Auditor General Frank Mautino and Comptroller Susana Mendoza, whose offices contribute to the document, agreed a primary reason Illinois’ report was the last one completed in the country was due to the loss of one quarter of the state’s Medicaid data.
The Department of Human Services and the Department of Healthcare and Family Services both use a system that determines residents’ eligibility for public assistance, for which the state receives federal reimbursements. When a third-party technology vendor was completing an update to that system, 25 percent of Illinois’ Medicaid program data was deleted, Mautino said.
Agency officials asked for an extension to work with the federal government to verify the accuracy of information lost in that erasure. Before the CAFR can be completed, auditors verify the books of each agency, sending that data then to the comptroller’s office.
“This is the thing that’s different this year that I don’t know of has happened anywhere at any other time,” Mauntio said. “It’s a big factor.”
The mistake was additionally impactful because of the two agencies it affected. Combined, Mautino said, they make up 28 percent of the revenue and 31 percent of the expenditures of all governmental funds in Illinois.
“That is a big number, and when you have a problem with that number, it impacts the financial statements of the state,” he said.
Mendoza criticized former Republican Gov. Bruce Rauner’s administration for its use of third-party contractors.

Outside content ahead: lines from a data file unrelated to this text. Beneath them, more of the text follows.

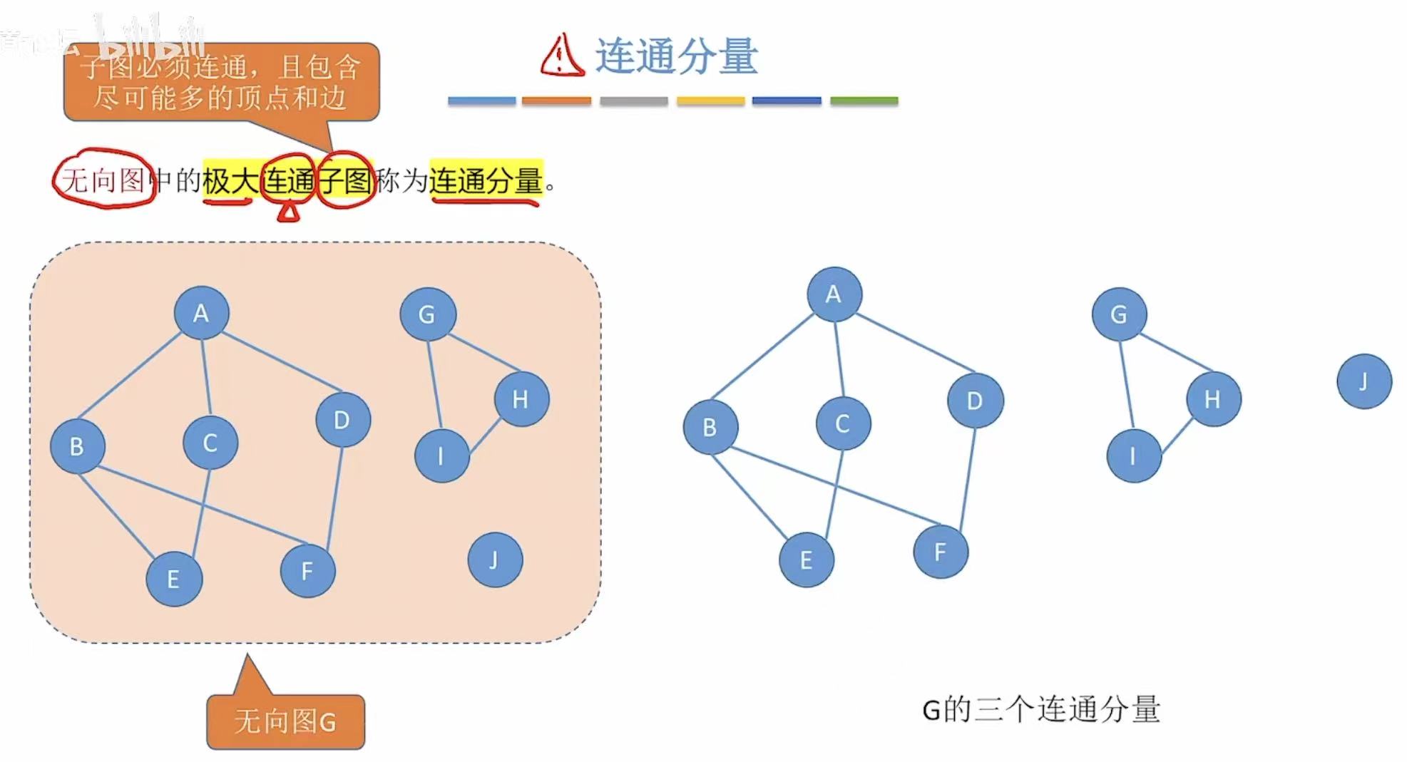 - 但是这三者之间不是相互连通的,所以这三个是独立的连通分量。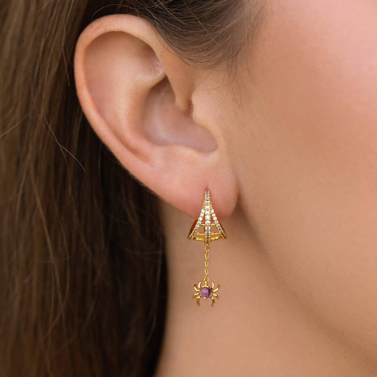 The Web of Lies Hoop Earrings are for the queen who’s equal parts mysterious and mischievous. Featuring spider web charms and tiny spiders that dance with every step, these earrings are perfect for spooky nights and everyday enigma. Warning: may cause people to get tangled in your spell.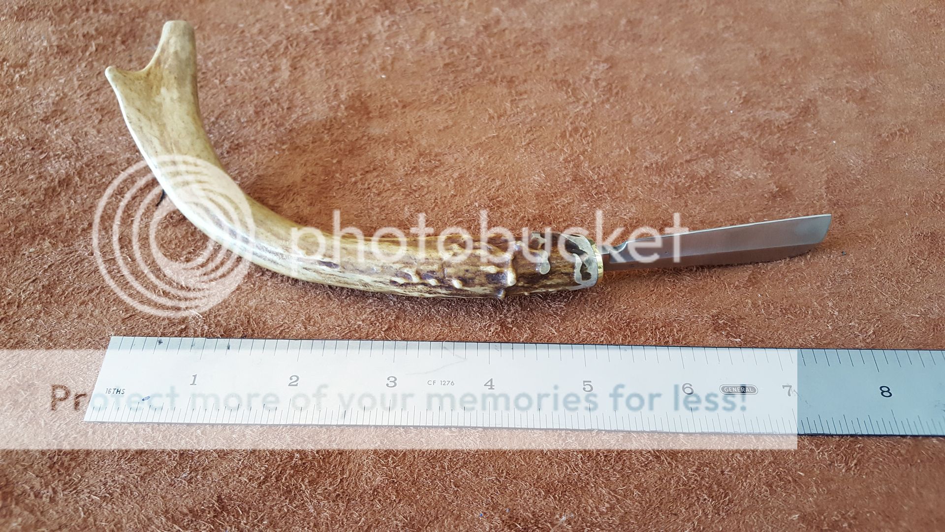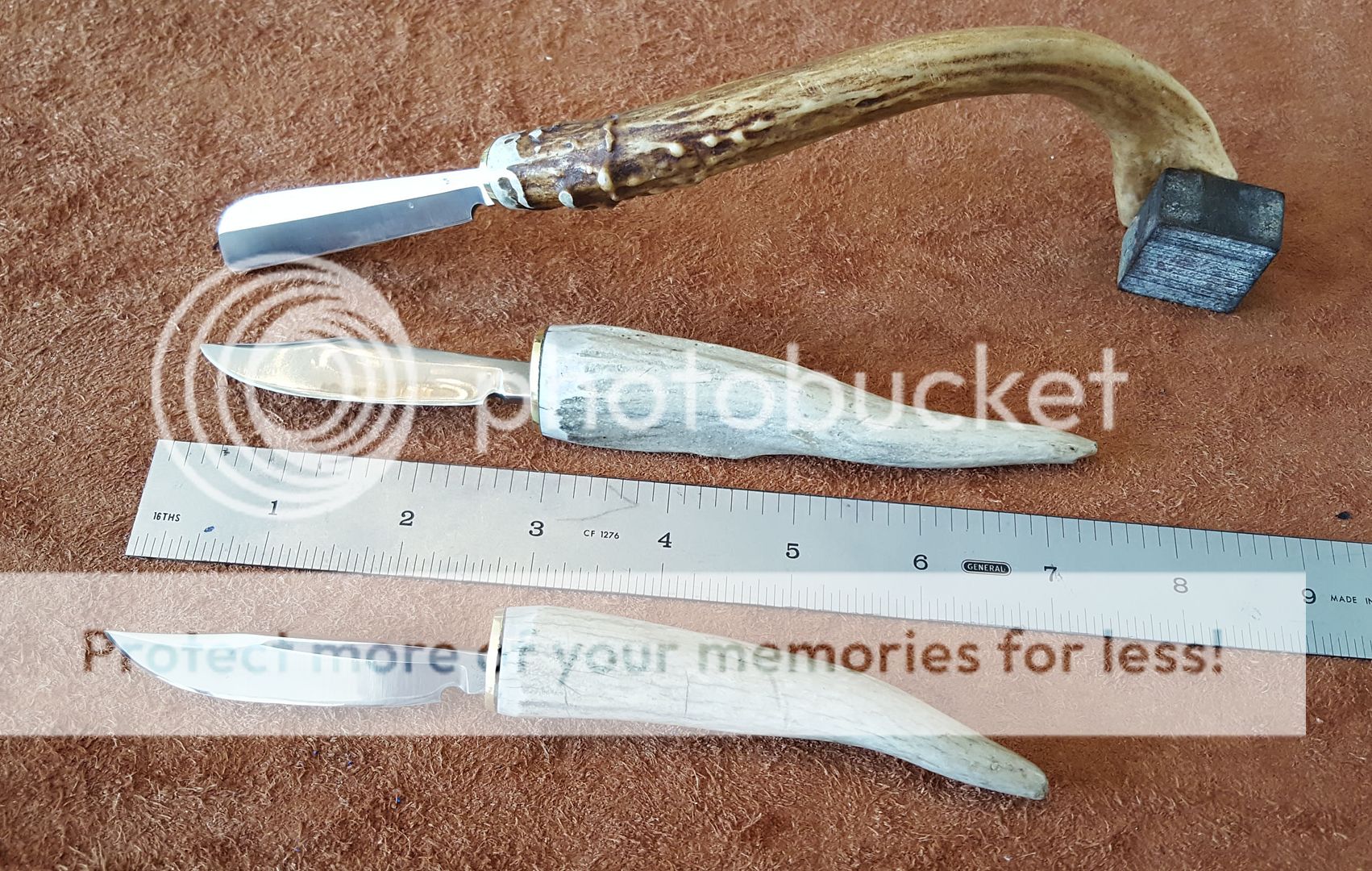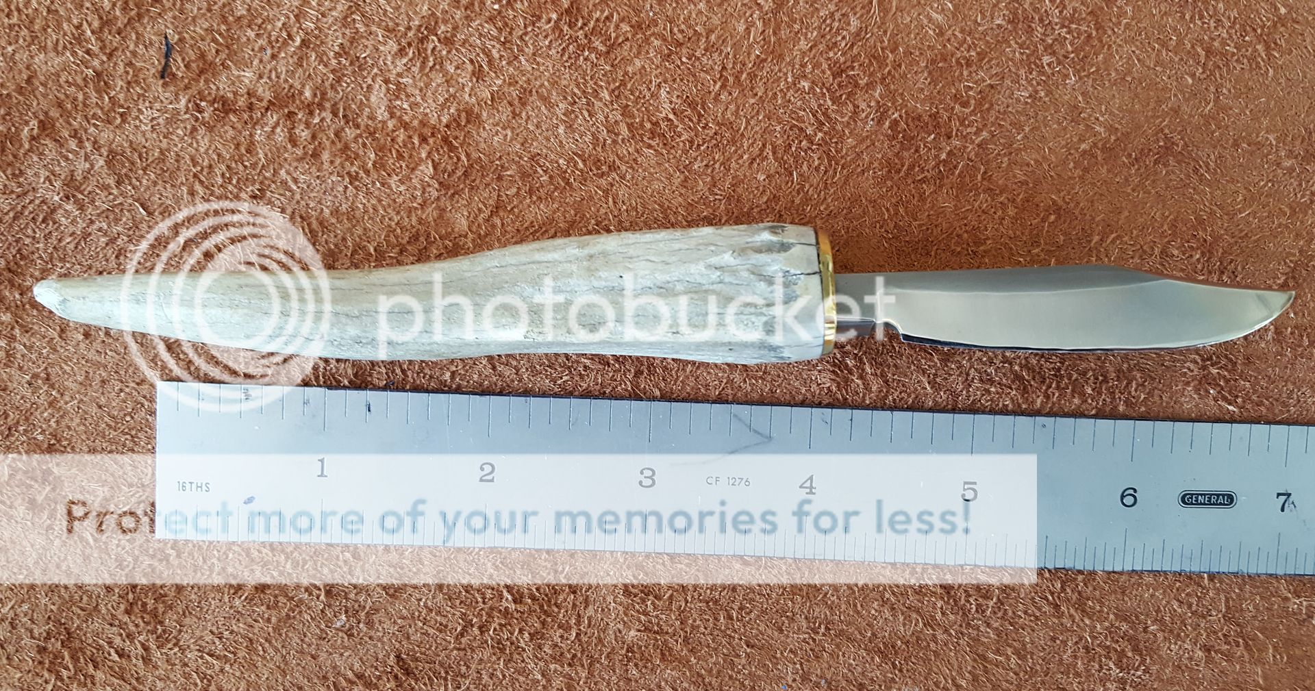 I had some small pieces of CPM-S35-VN around so I thought I would use them to make some small knives. All are hardened to a Rockwell of 61 all are VERY sharp. The tang extends into the antler about 2 inches on each knife. Brass guard between the blade and antler. The bottom of the blade rests against the front of the brass guard only the tang extends through. Blade are all about 3 inches long. Would also make a nice Skinner for bird and trout. The are offered without a sheath so you can be creative. Price $65.00 plus $7.50 for priority shipping to the USA. They are numbered 1 through 3 from the top down on the first picture. If you want I can make you a .080 custom black Kydex neck sheath for additional $10.00. If you want one leave a message on the thread and contact me at kenhills@gmail.com or IM me here for the PayPal info. Thanks for looking. Comments appreciated. Ken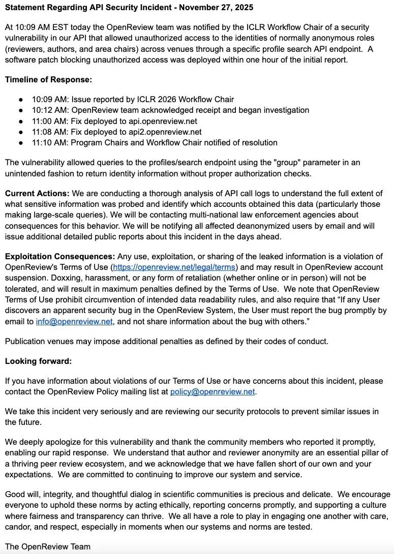 OpenReview 隨後發佈了一份 API 安全事件的聲明: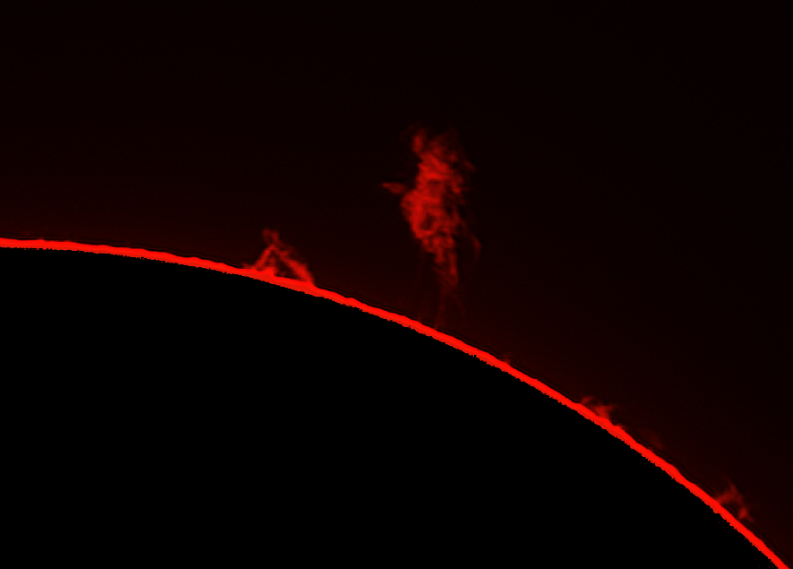 Heute Nachmittag hat sich augenscheinlich diese Protuberanz von der Sonne gelöst. Leider konnte ich nur das kleine PST nutzen, die Sonne stand schon recht tief und verschwand bald hinter dem Dach des Nachbarn. Da hätte der Aufbau des "Großen" zu viel Zeit in Anspruch genommen. Gut, dass es das PST gibt.

“We should not expect outside consultants to perform critical government functions, especially regarding data involving eligibility determinations under the state’s Medicaid program serving the state’s most vulnerable citizens, without adequate controls to protect the state’s program and ultimately state taxpayers,” she said in a press release.
The auditor general and Mendoza did not agree the state’s lack of a uniform financial system contributed chiefly to the report’s delayed publication.
Mautino said Illinois officials do not have “great financial controls” because each agency has its own financial reporting system that “can’t speak to each other.” When auditors compile information for the CAFR, they must convert the data first. That takes more time and leaves open the possibility for human error.
“Accurate and timely financial reporting problems continue to exist even though auditors have: continuously reported numerous findings on the internal controls, … commented on the inadequacy of the financial reporting process of the state, and regularly proposed adjustments to the financial statements year after year,” states an opinion of the CAFR published by the auditor general’s office Thursday.
Mendoza noted in a news release she “agrees” Illinois needs a uniform financial system, but pushed back against the idea it was a “primary” reason for the report’s late release.